= Juris Eihmanis =

Juris Eihmanis (born September 15, 1954, in Riga) is a former Latvian National Guard Colonel who served as Commander of the Latvian National Armed Forces in 1998.

== Early life ==
He was born on September 15, 1954, in Riga. He studied at Riga Secondary School No. 50, and then studied radio engineering at the Riga Polytechnic Institute until 1984. He then worked at the Olaine Chemical Reagents Factory.

== Military career ==
After the Declaration On the Restoration of Independence of the Republic of Latvia, he joined the newly formed Latvian National Guard, and participated in the creation of the National Guard battalions, once of which he commanded, the 14th National Guard Battalion (1992–1993).

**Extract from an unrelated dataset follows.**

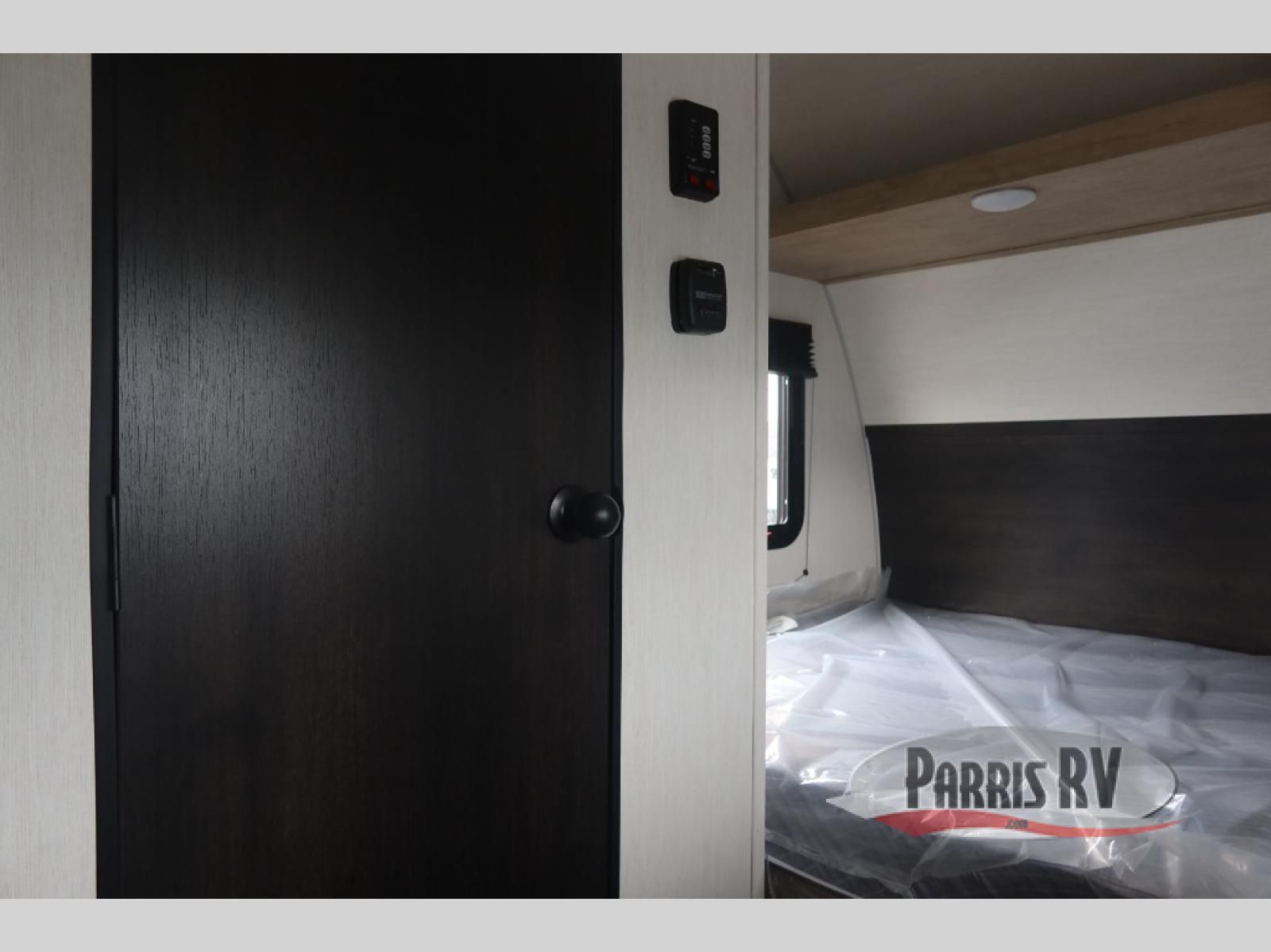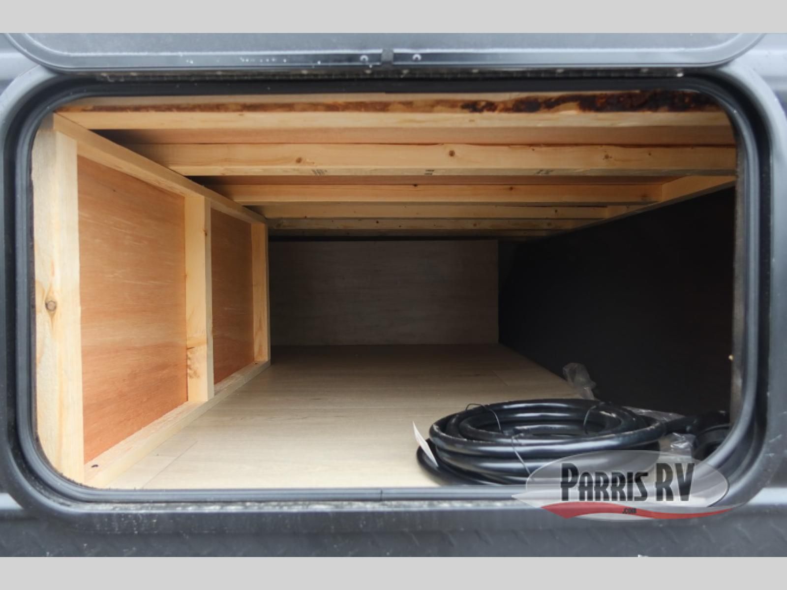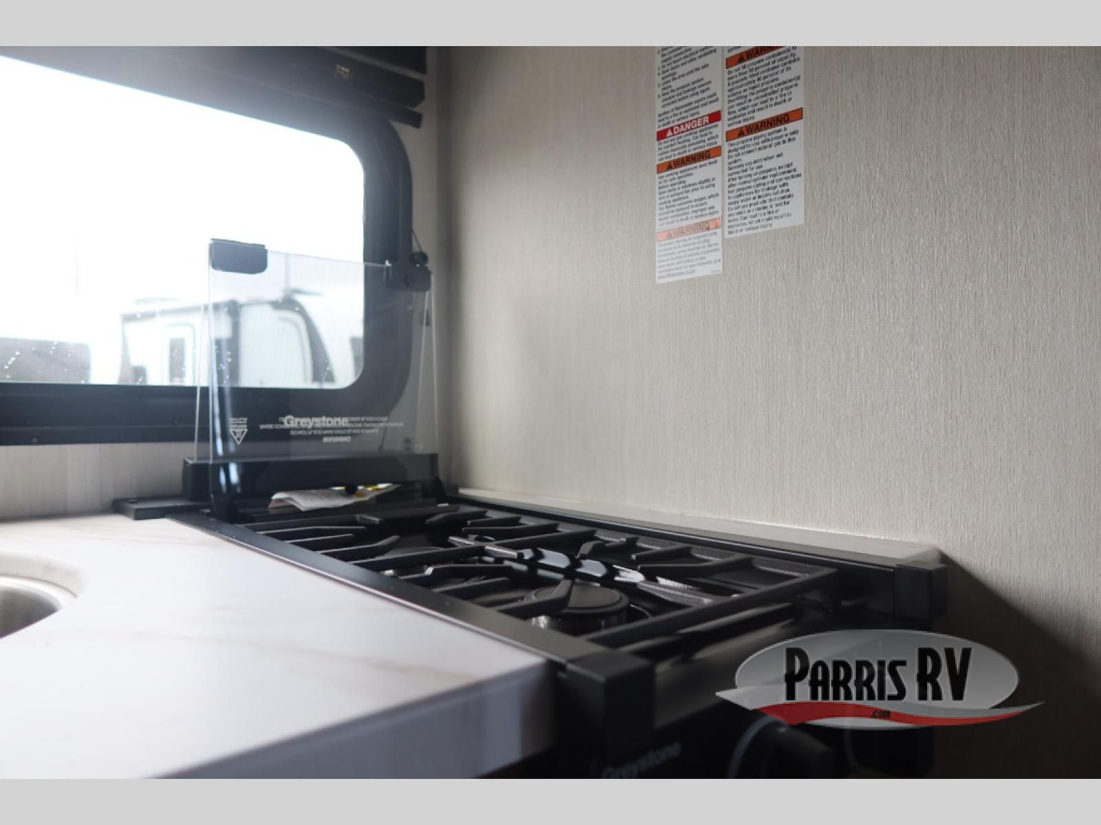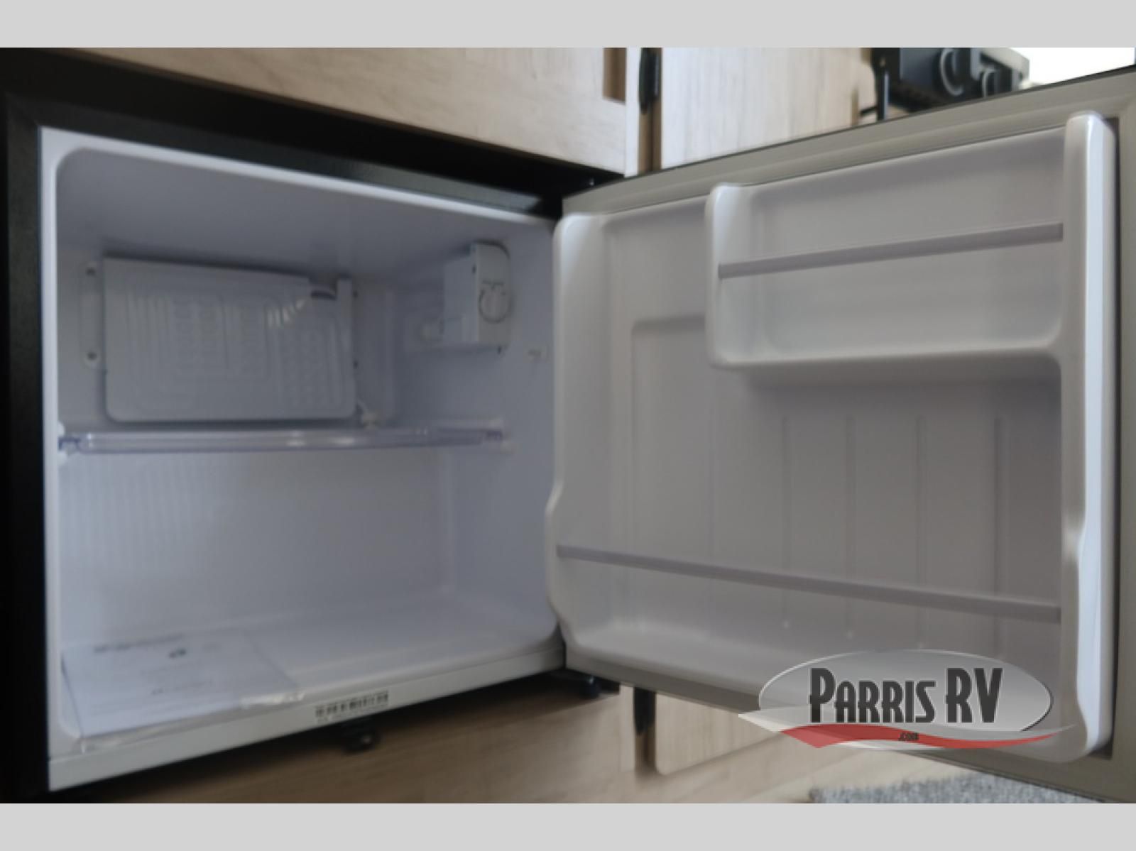 Featuring a compact, no-frills layout that keeps everything within reach. At the front of the unit, the queen bed sits as the main feature of the space, providing a simple and comfortable place to rest without any separate living area. Just beside the bed, the small kitchen setup includes a conveniently placed microwave, making it easy to heat up meals while maximizing the limited space. Above the kitchenette, overhead cabinets offer essential storage for your belongings, helping you stay organized in this efficient layout. With its straightforward design and all-in-one front layout, built for easy, practical camping without unnecessary extras.

He later became the commander of the National Guard from 1996 to 1998. He completed his training at the United States Army War College in Carlisle, Pennsylvania. After returning from the United States in 1998, he was appointed the commander of the National Armed Forces on 25 June. He ended up serving for less than six months. The money spent from the National Guard budget on the renovation of Eihmanis' apartment became the reason for the punishment of several officials, as well as the dismissal of Eihmanis himself from the post on 10 December.

== Post-military ==
On May 21, 1999, the Prosecutor General's Office charged Eihmanis with abuse of office. Until 2002, Eihmanis worked as a lecturer at the Baltic Defense College. In 2002, the Riga Regional Court decided to evict Eihmanis from his apartment and recover from him the costs of repairing the apartment in the amount of more than 30,000 Latvian lats, with the prosecutor's office saying that he as commander of the NAF, acquired it "illegally, contrary to the law and good morals".